B1005 <=> B1007 [BTG XLII Beelzebub in America, p. 1006]
“’But, unforeseen by Nature, the clothing which people have invented for themselves prevent the said factors from freely effecting the separation and volatilization of these substances, with the result that this Kulnabo, remaining for a long time on these places, promotes the arising of perspiration; moreover, as this substance is in general the very best medium for the multiplication of what are called “bacteria,” which exist in the atmosphere as well as in what are called the “subjective spheres” of all kinds of things coming into direct contact with the children, there occurs from this multiplying there on the given parts of the organism of children a process called “itching.”
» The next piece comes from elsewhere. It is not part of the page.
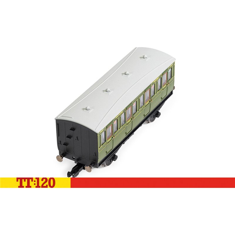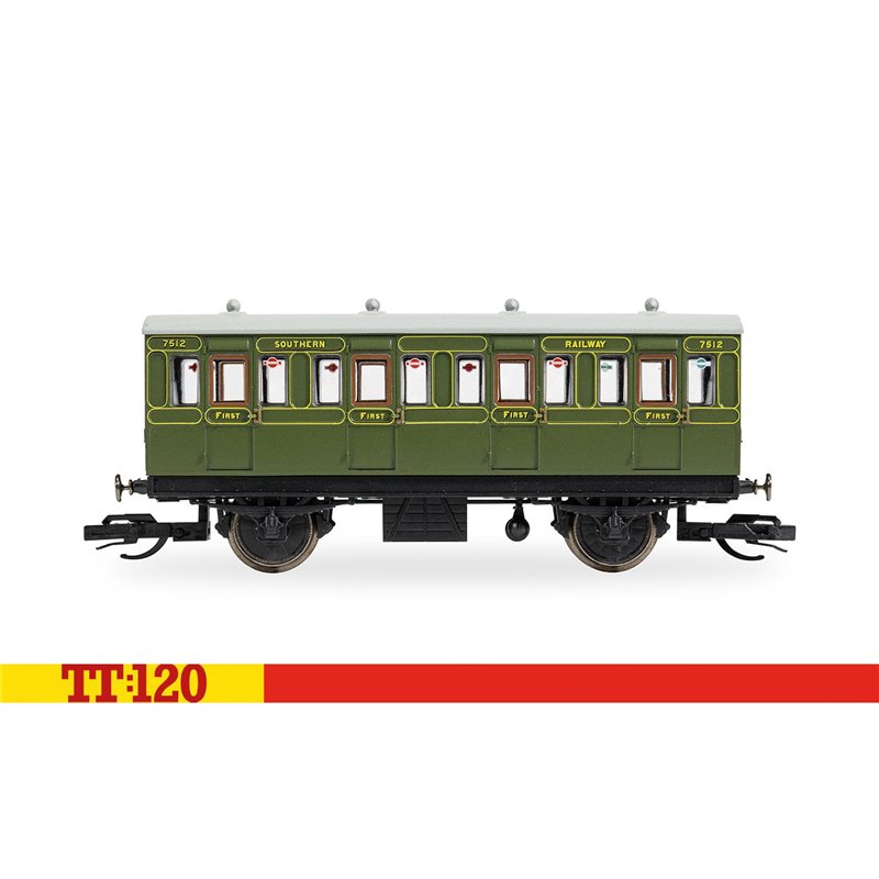 Hornby’s TT:120 SR First Class Four-Wheel Coach is a finely detailed model capturing the charm of early 20th-century rail travel, featuring a distinctive four-compartment design in authentic SR green livery with crisp First Class markings.

“’On account of this itching children begin, unconsciously at first, to rub or scratch these places. Later, as there are concentrated in these parts of the organism all the ends of the nerves created by Nature for the special sensation required for the completion of the sacred process Almuano, which normally arises in adult people at the end of what is called copulation, and as, especially at a certain period when according to the providence of Great Nature there proceeds in these organs of children a process of preparation for future sex functioning, they experience from this rubbing or scratching a certain peculiar pleasant sensation, they therefore begin intentionally – having instinctively realized from which of their actions this pleasant sensation is evoked in them – to rub these places even when there is no itching; and thus the ranks of the little “Moordoortenists” on the Earth are always increasing by leaps and bounds.
“’As regards just what measures the Great Moses took for eradicating that evil, I learned not from the aforementioned book Tookha Tes Nalool Pan, but from the contents of an also very ancient papyrus.